SECURITIES AND EXCHANGE COMMISSION
WASHINGTON, DC 20549

SCHEDULE 13G

INFORMATION STATEMENT PURSUANT TO RULES 13d-1 and 13d-2

( Initial Filing )

Universal Stainless & Alloy Products, Inc.
(Name of Issuer)

       Common Stock                       913837100                       
(Title of class of securities)		      (CUSIP Number)


Check the following box if a fee is being paid with the statement         [ ]

(A fee is not required only if the reporting person:  (1) has a previous 
statement on file reporting beneficial ownership of more than five percent of 
the class of securities described in Item 1; and (2) has filed no amendment 
subsequent thereto reporting beneficial ownership of five percent or less of 
such class.)  (See Rule 13d-7.)




























CUSIP No. 913837100


                 
	1	NAME OF REPORTING PERSON:  BEAR STEARNS ASSET MANAGEMENT INC.
			S.S. or I.R.S. IDENTIFICATION NO. OF ABOVE PERSON:  06-1135192

 	2		CHECK THE APPROPRIATE BOX IF A MEMBER OF A GROUP:*       	(a)	[    ]
                                                           				(b)	[    ]      

 	3		SEC USE ONLY	    


 	4		CITIZENSHIP OR PLACE OF ORGANIZATION:    NEW YORK


   NUMBER OF SHARES    	5  	SOLE VOTING POWER:		
                       			  471,400
 
  BENEFICIALLY         	6   SHARED VOTING POWER:	
   OWNED BY               		-0-

   EACH REPORTING      	7 	SOLE DISPOSITIVE POWER:	
	                         	471,400

   PERSON WITH         	8 	SHARED DISPOSITIVE POWER:				
		                         1,800

	9		AGGREGATE AMOUNT BENEFICIALLY OWNED BY REPORTING PERSON:
   	473,200
	
	10	CHECK BOX IF THE AGGREGATE AMOUNT IN ROW (9) EXCLUDES CERTAIN SHARES:*[ ]

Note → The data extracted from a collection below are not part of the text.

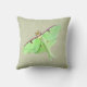 Parchment coloured throw pillow with a soft green Luna moth illustration.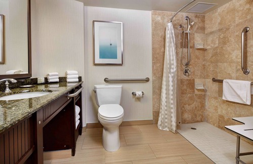 Embassy Suites by Hilton San Diego La Jolla offers 340 accommodations, which are accessible via exterior corridors and feature laptop-compatible safes and complimentary newspapers. Accommodations offer separate dining areas. 49-inch flat-screen televisions come with premium digital channels and pay movies. Guests can make use of the in-room refrigerators, microwaves, and coffee/tea makers. Bathrooms include shower/tub combinations, complimentary toiletries, and hair dryers.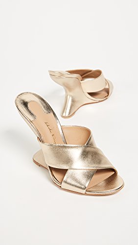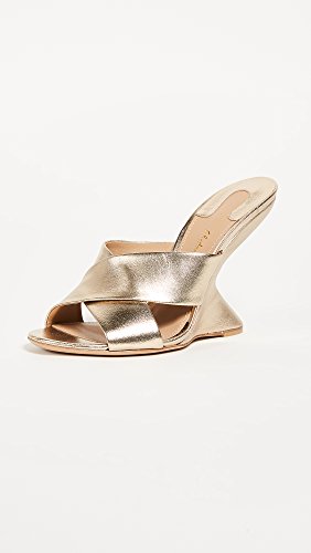 Product DescriptionMules just got a lot more glamorous with these Salvatore Ferragamo sandals, from the boldly curving pompadour heel to the shimmering metallic leather.0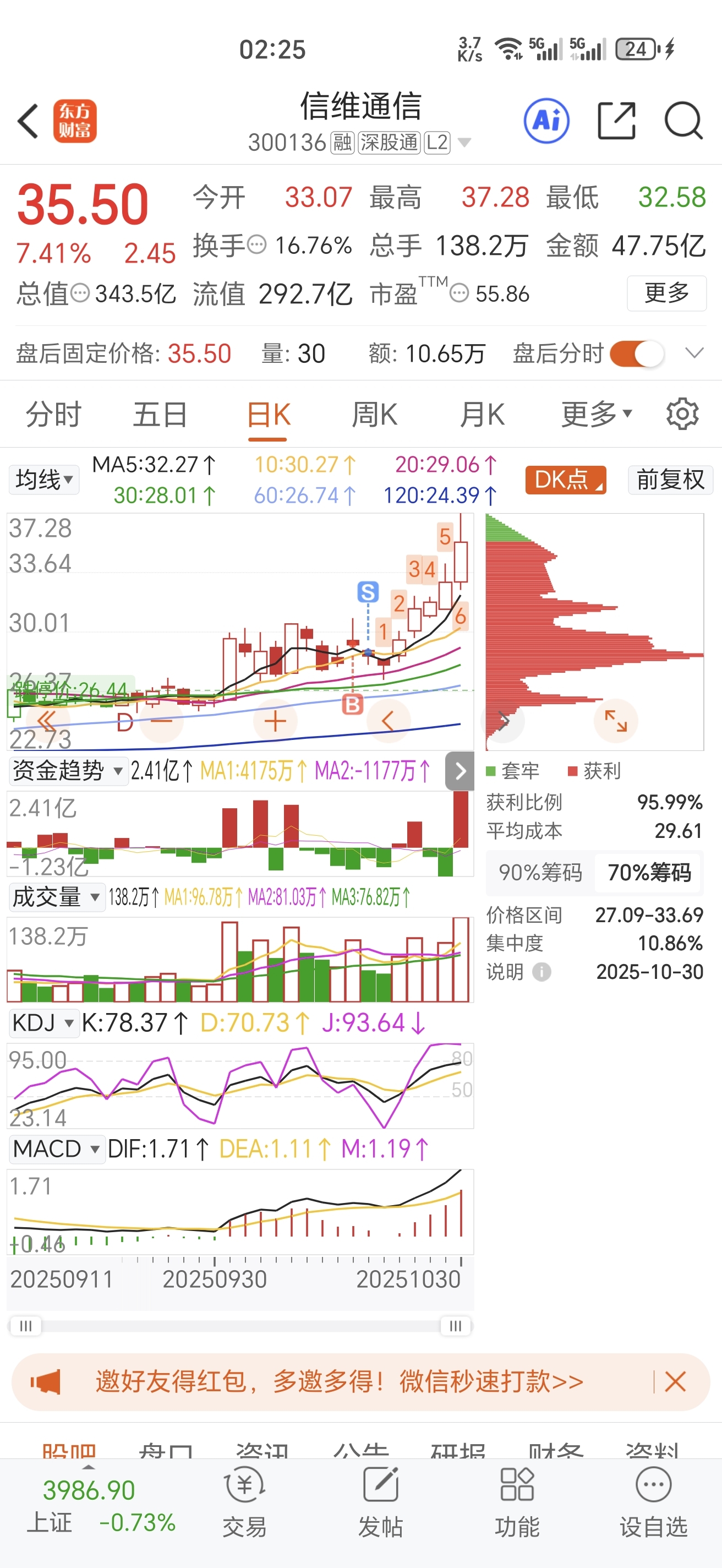 $信维通信(SZ300136)$ 真是不想说,卖的就涨,拿了那么久的长江通信$长江通信(SH600345)$ 啥都都不涨!明天又得吃面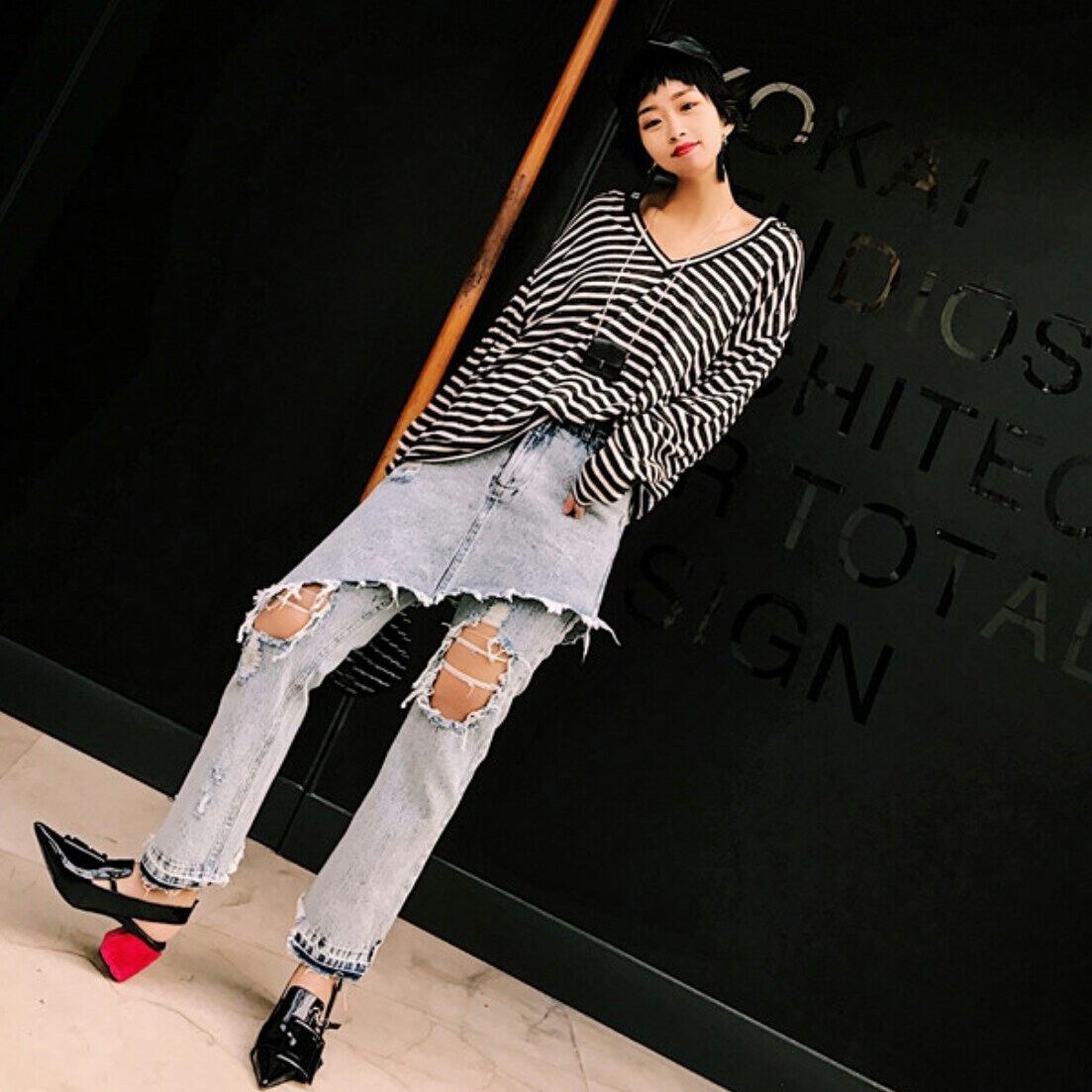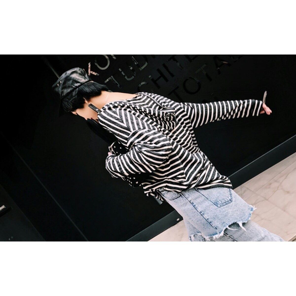 ざっくり着られる大きいサイズカジュアルフードボーダートップス

	11	PERCENT OF CLASS REPRESENTED BY AMOUNT IN ROW (9):	
   	7.52
		
	12	TYPE OF REPORTING PERSON:*	
 	  INVESTMENT ADVISOR


* SEE INSTRUCTIONS BEFORE FILLING OUT!

















Item 1(a): 	Name of Issuer:
		          Universal Stainless & Alloy Products, Inc.

Item 1(b): 	Address of Issuer's Principal Executive Offices:
		          600 Mayer Street
	          	Bridgeville, PA  15017

Item 2(a): 	Name of Person Filing:
          		Bear Stearns Asset Management Inc.

Item 2(b): 	Address of Principal Business Office:
          		575 Lexington Avenue
          		New York, NY 10167

Item 2(c):	 Citizenship:
		          Incorporated in New York

Item 2(d): 	Title of Class of Securities:
      	    	Common Stock

Item 2(e): 	Cusip Number:
	          	913837100

Item 3:		If this statement is filed pursuant to Rule 13d-1(b), or 
         13d-2(d), check whether the person filing is a: 
         (e) (x) investment advisor registered under Section 203 of the
        Investment Advisors Act of 1940.

Item 4:		Ownership:
       		(a)	Amount beneficially owned:  473,200

       		(b)	Percentage of class:  7.52

       		(c)	Number of shares as to which such person has:

          			(i)	Sole power to vote or to direct the vote:  471,400

          			(ii)	Shared power to vote or to direct the vote:  -0-

          			(iii)	Sole power to dispose or to direct the disposition of: 
                   471,400

          			(iv)	Shared power to dispose or to direct the disposition:
                  1,800


*   Bear Stearns Asset Management Inc. is the "beneficial owner", as that
    term is defined in the Commission's Rule 13d-3, of a total of 473,200
    shares of common stock representing 7.52% of the outstanding common 
    stock.

		





Item 5:		Ownership of five or less percent of a class:  Not applicable  

Item 6:		Ownership of more than five percent on behalf of another 
         person: Not applicable.

Item 7:		Identification and classification of the subsidiary which 
         acquired the security being reported on by the Parent Holding 
         Company:  Not applicable

Item 8:		Identification and classification of members of the group:  
         Not applicable

Item 9:		Notice of Dissolution of group:  Not applicable
		
Item 10:	Certification:

	By signing below I certify that, to the best of my knowledge and belief, 
the securities referred to above were acquired in the ordinary course of 
business and were not acquired for the purpose of and do not have the 
effect of changing or influencing the control of the issuer of such 
securities and were not acquired in connection with or as a participant 
in any transaction having such purposes or effect.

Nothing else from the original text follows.